Santiago v KMart Corp. |
2018 NY Slip Op 01296 [158 AD3d 596] |
February 27, 2018 |
Appellate Division, First Department |
Published by New York State Law Reporting Bureau pursuant to Judiciary Law § 431. |
Abel Santiago, Respondent, v KMart Corporation et al., Defendants. KMart Corporation, Third-Party Plaintiff, v U.S. Security Associates Aviation Services Inc., Doing Business as U.S. Security Associates, Inc., Third-Party Defendant-Appellant. (And a Second Third-Party Action.) |
O'Connor Redd, LLP, Port Chester (Hillary Kahan of counsel), for appellant.

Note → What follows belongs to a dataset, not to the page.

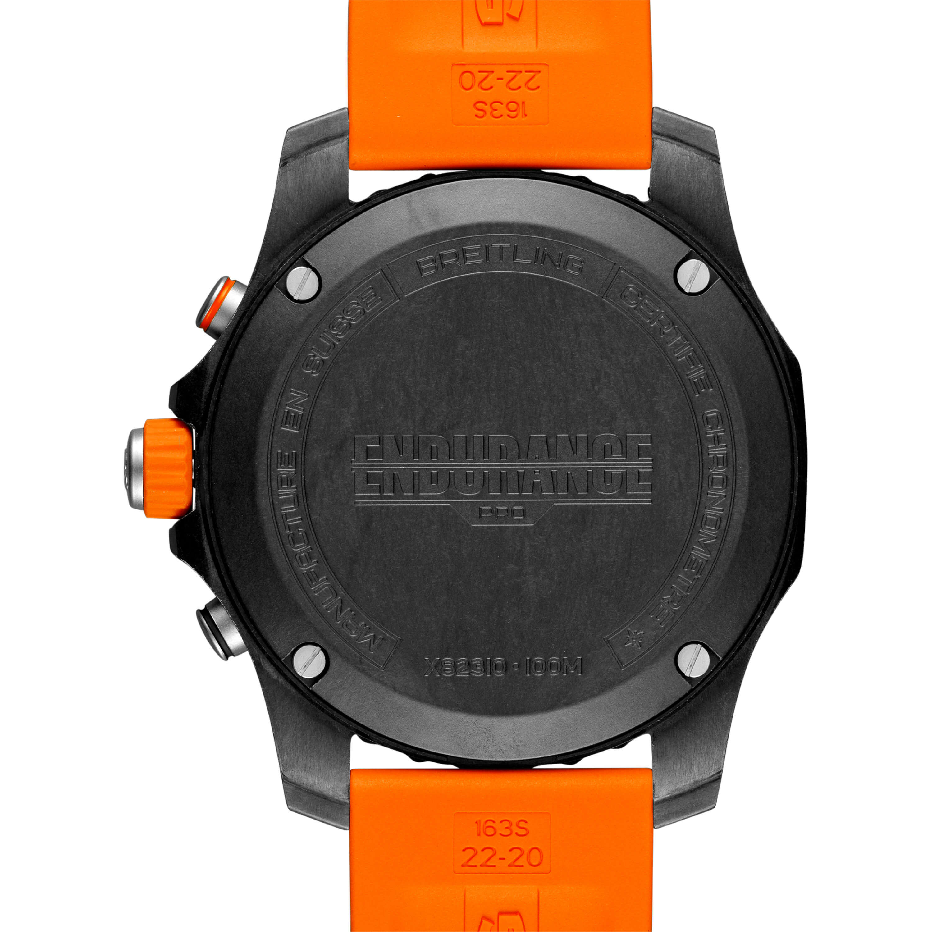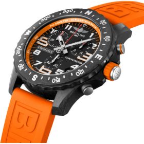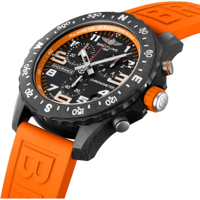 Professional Endurance Pro mit 44 mm Breitlight-Gehäuse und orangenem Kautschukarmband. Schwarzes Zifferblatt mit farbigem Pulsometer Ring. Kautschukarmband Diver Pro III mit Doppeldornschließe aus Breitlight. Die Endurance Pro ist sowohl als federleichte Wettkampfuhr wie auch als lässiger Sportchronograph für jeden Tag konzipiert. Sie repräsentiert die perfekte Verschmelzung von höchster Präzision, innovativer Technologie und frischem, farbenfrohem Design. Sie ist die ultimative Athleisure-Uhr. Entworfen für Frauen und Männer, in deren aktivem Leben sich Professionalität und Sportlichkeit die Waage halten, ist die Endurance Pro den Herausforderungen eines anstrengenden Work-outs ebenso gewachsen wie den Ansprüchen an den Alltagschic. Die Endurance Pro verfügt über ein ultraleichtes Gehäuse aus Breitlight®. Dieser widerstandsfähige Werkstoff ist 3,3-mal leichter als Titanium und 5,8-mal leichter als Edelstahl. Das antimagnetische, thermisch stabile und hypoallergene Breitlight® ist hochgradig kratz-, zug- und korrosionsfest. Die haptische Wirkung ist wärmer als die von Metall, und der leichte Textureffekt unterstreicht den Einfallsreichtum des Designs. Breitlight® ist zu 100 % Swiss-made und nur bei Breitling erhältlich. Die Endurance Pro wird in einer Auswahl bunter Zifferblätter und Kautschukarmbändern für die Breitlight® Doppeldornschliesse angeboten und kann auch mit einem der farbenfrohen Breitling NATO-Armbänder aus ECONYL®-Garn von OuterkProfessional Endurance Pro mit 44 mm Breitlight-Gehäuse und orangem Kautschukarmband. Schwarzes Zifferblatt mit farbigem Pulsometer Ring. Kautschukarmband Diver Pro III mit Doppeldornschließe aus Breitlight. Die Endurance Pro ist sowohl als federleichte Wettkampfuhr wie auch als lässiger Sportchronograph für jeden Tag konzipiert. Sie repräsentiert die perfekte Verschmelzung von höchster Präzision, innovativer Technologie und frischem, farbenfrohem Design. Sie ist die ultimative Athleisure-Uhr. Entworfen für Frauen und Männer, in deren aktivem Leben sich Professionalität und Sportlichkeit die Waage halten, ist die Endurance Pro den Herausforderungen eines anstrengenden Work-outs ebenso gewachsen wie den Ansprüchen an den Alltagschic. Die Endurance Pro verfügt über ein ultraleichtes Gehäuse aus Breitlight®. Dieser widerstandsfähige Werkstoff ist 3,3-mal leichter als Titanium und 5,8-mal leichter als Edelstahl. Das antimagnetische, thermisch stabile und hypoallergene Breitlight® ist hochgradig kratz-, zug- und korrosionsfest. Die haptische Wirkung ist wärmer als die von Metall, und der leichte Textureffekt unterstreicht den Einfallsreichtum des Designs. Breitlight® ist zu 100 % Swiss-made und nur bei Breitling erhältlich. Die Endurance Pro wird in einer Auswahl bunter Zifferblätter und Kautschukarmbändern für die Breitlight® Doppeldornschliesse angeboten und kann auch mit einem der farbenfrohen Breitling NATO-Armbänder aus ECONYL®-Garn von Outerknown kombiniert werden. Herzstück der Endurance Pro ist das Kaliber 82 von Breitling, ein COSC-zertifizierter SuperQuartz™ Chronograph, der ausserordentliche Ganggenauigkeit bietet.nown kombiniert werden. Herzstück der Endurance Pro ist das Kaliber 82 von Breitling, ein COSC-zertifizierter SuperQuartz™ Chronograph, der ausserordentliche Ganggenauigkeit bietet.

Sweetbaum & Sweetbaum, Lake Success (Marshall D. Sweetbaum of counsel), for respondent.
Order, Supreme Court, Bronx County (Donna Mills, J.), entered April 24, 2017, which granted plaintiff's motion to amend the complaint to add U.S. Security Aviation Services, Inc. d/b/a U.S. Security Associates, Inc. as a defendant, unanimously reversed, on the law, without costs, and the motion denied.
The proposed claim against U.S. Security (negligence) fails to state a cause of action. U.S. Security, a security company hired by defendant KMart, owed no duty to plaintiff, a KMart customer who was injured in a fight with a KMart employee inside a KMart store. Plaintiff was not an intended third-party beneficiary of the contract between KMart and U.S. Security, which contains a "No Third Party Beneficiaries" clause (see e.g. Aiello v Burns Intl. Sec. Servs. Corp., 110 AD3d 234, 242 [1st Dept 2013]; Rahim v Sottile Sec. Co., 32 AD3d 77, 79-80 [1st Dept 2006]).
Nor can a duty be imposed on U.S. Security on the ground either that plaintiff relied to his detriment on the continued performance of U.S. Security's contractual duties or that U.S. Security had entirely displaced KMart's duty to secure its store (see Espinal v Melville Snow Contrs., 98 NY2d 136, 140 [2002]). Plaintiff's affidavit says nothing about having knowledge of the contract between KMart and U.S. Security or about detrimental reliance on U.S. Security's continued performance thereunder (see Aiello, 110 AD3d at 246).
As for entire displacement, while the written scope of U.S. Security's services included "the protection of . . . customers . . . in the Premises," the deposition testimony of the loss prevention manager at the relevant KMart store makes it clear that, in actual practice, U.S. Security's services at that store were limited to deterring shoplifting (see id. at 245). Furthermore, U.S. Security did not totally displace KMart's duty to secure its store, because KMart retained supervisory authority over the security guards and required U.S. Security's staff to complete training in accordance with its (KMart's) safety policies and procedures (see id. at 246). Concur—Andrias, J.P., Gesmer, Kern, Singh, Moulton, JJ.